Exercise instructions: Could you please output all of the data exactly, without the images?

Given data:

= Beginning of Section =

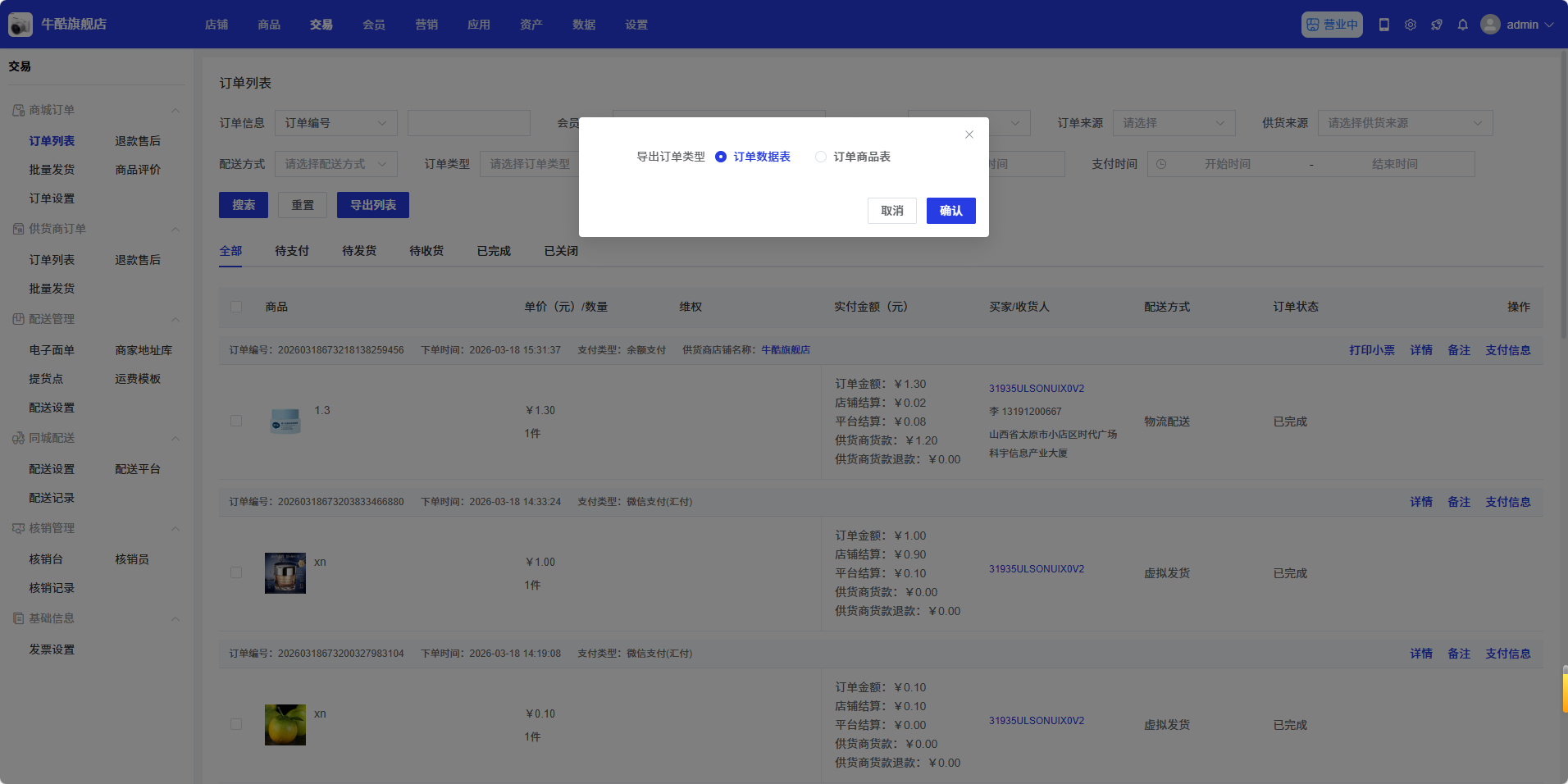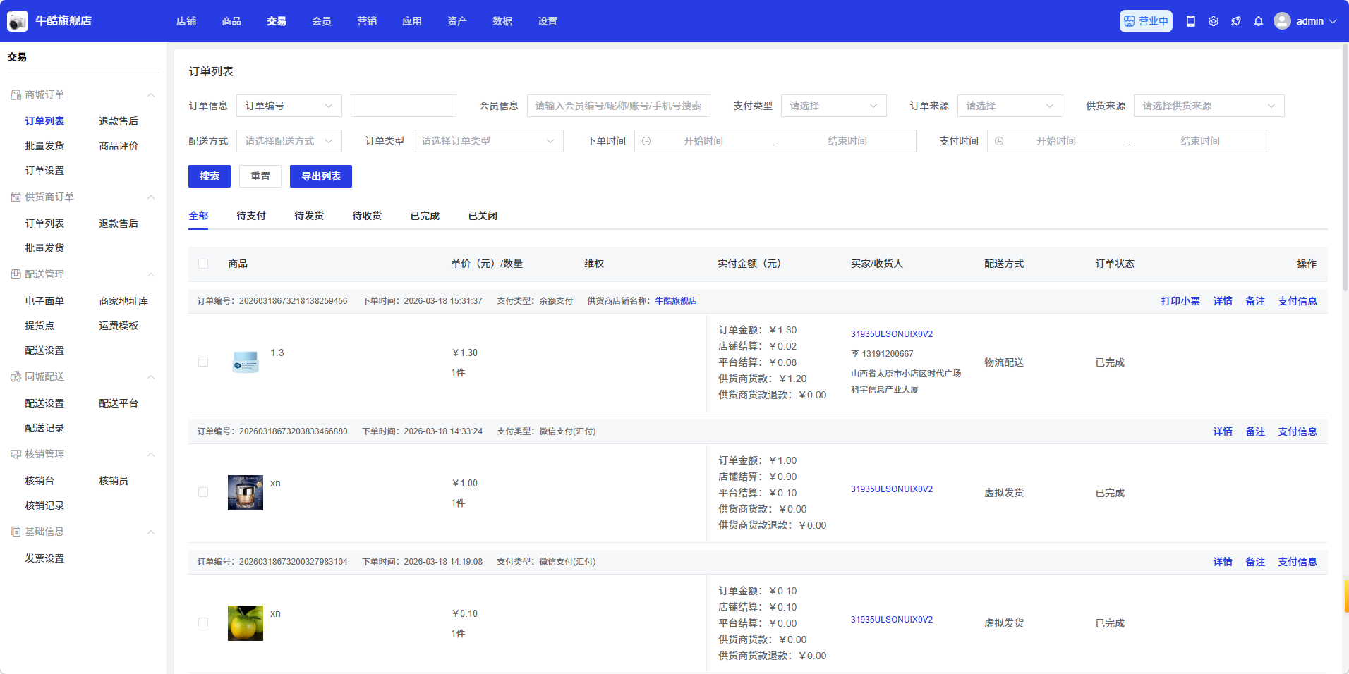 订单列表页面是商城管理订单的核心界面,用于查看、管理和操作所有订单。通过此页面,商城可以搜索订单、查看订单详情、修改订单信息、进行订单发货、主动退款等操作。
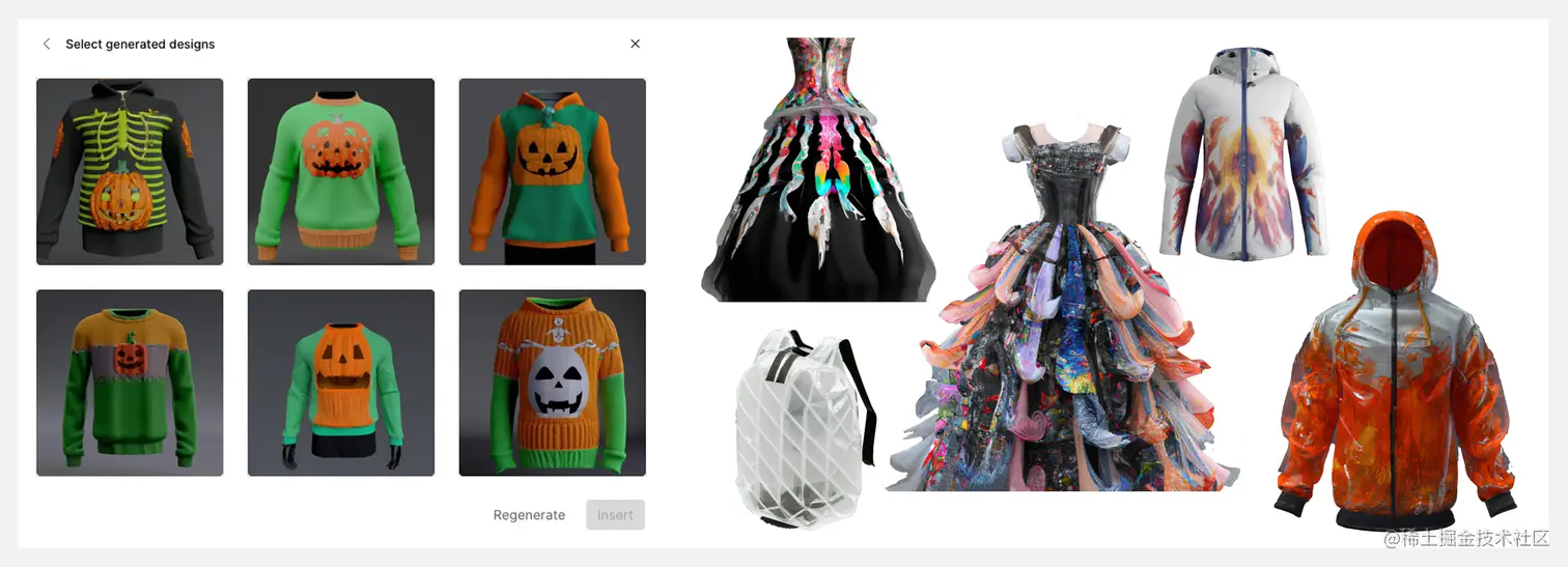 设计人员先从 25 个列表中选择基础款式(例如毛衣、衬衫、手提包等),然后输入提示文本来描述整体的设计创意并选择材质,最后输入提示文本来修改装饰细节(如袖口或拉链等)。下方『万圣节毛衣』的整个设计过程不到一分钟。需要注意的是,CALA 并不是一键式设计工具,CALA 平台的使用过程仍需设计师的技能和经验储备。但它显著降低了新设计师的进入门槛,并为资深设计师提供海量创意提升工作效率。
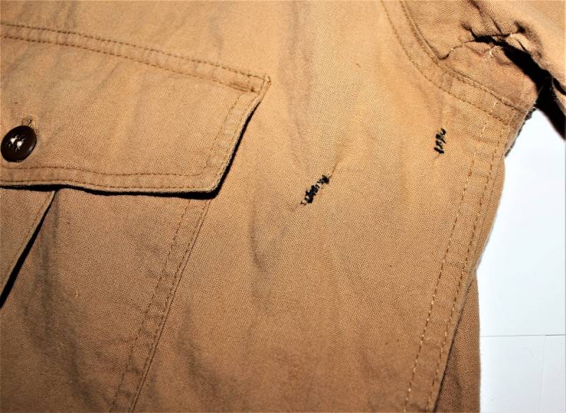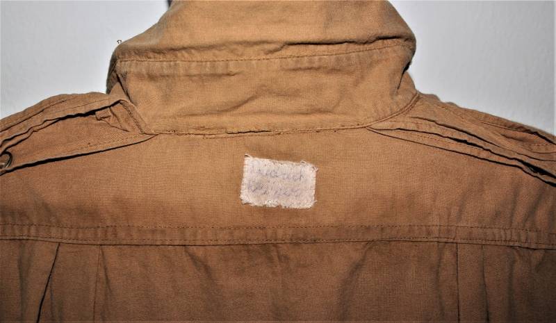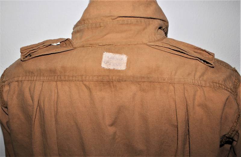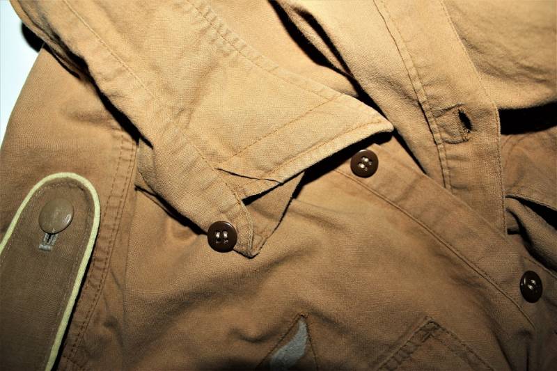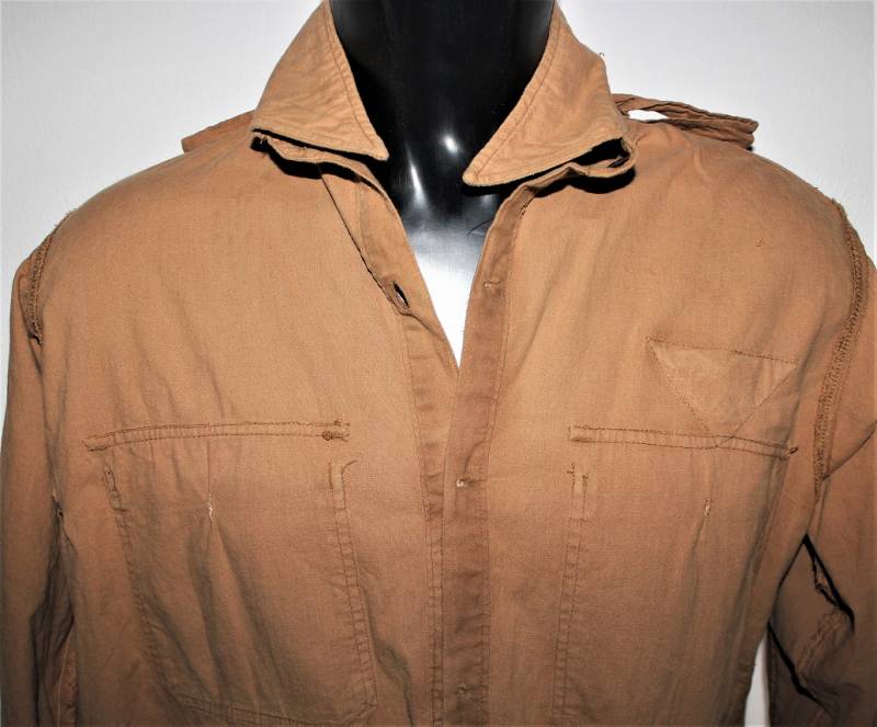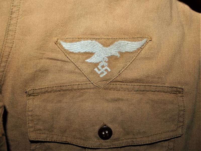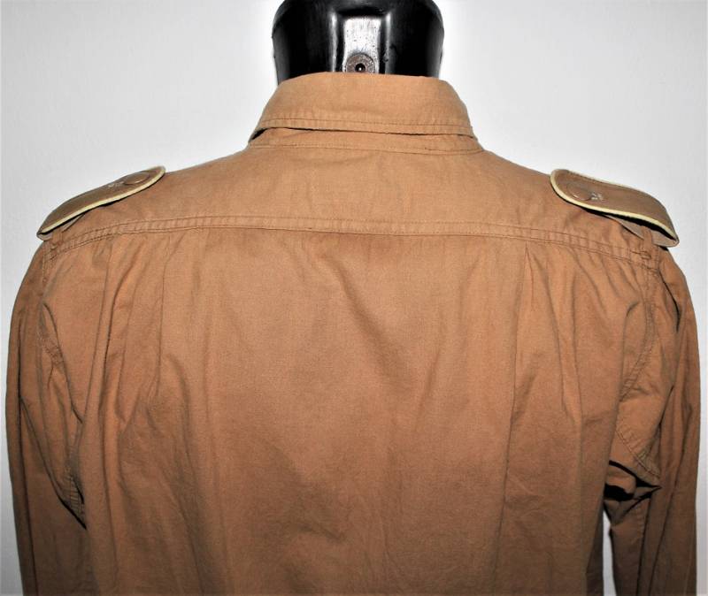 Tropical shirt of the Luftwaffe born in yellow cotton, long-sleeved model, complete with vintage machine-stitched eagle and yellow waffenfarbe shoulder board, very good condition, slightly used, two small mending on the left side near the sleeve (see photo), perfect seams . Fabric label with soldierīs name. Large size about 50.

= End of Section =

Reply to the task:
 订单列表页面是商城管理订单的核心界面,用于查看、管理和操作所有订单。通过此页面,商城可以搜索订单、查看订单详情、修改订单信息、进行订单发货、主动退款等操作。
 设计人员先从 25 个列表中选择基础款式(例如毛衣、衬衫、手提包等),然后输入提示文本来描述整体的设计创意并选择材质,最后输入提示文本来修改装饰细节(如袖口或拉链等)。下方『万圣节毛衣』的整个设计过程不到一分钟。需要注意的是,CALA 并不是一键式设计工具,CALA 平台的使用过程仍需设计师的技能和经验储备。但它显著降低了新设计师的进入门槛,并为资深设计师提供海量创意提升工作效率。
 Tropical shirt of the Luftwaffe born in yellow cotton, long-sleeved model, complete with vintage machine-stitched eagle and yellow waffenfarbe shoulder board, very good condition, slightly used, two small mending on the left side near the sleeve (see photo), perfect seams . Fabric label with soldierīs name. Large size about 50.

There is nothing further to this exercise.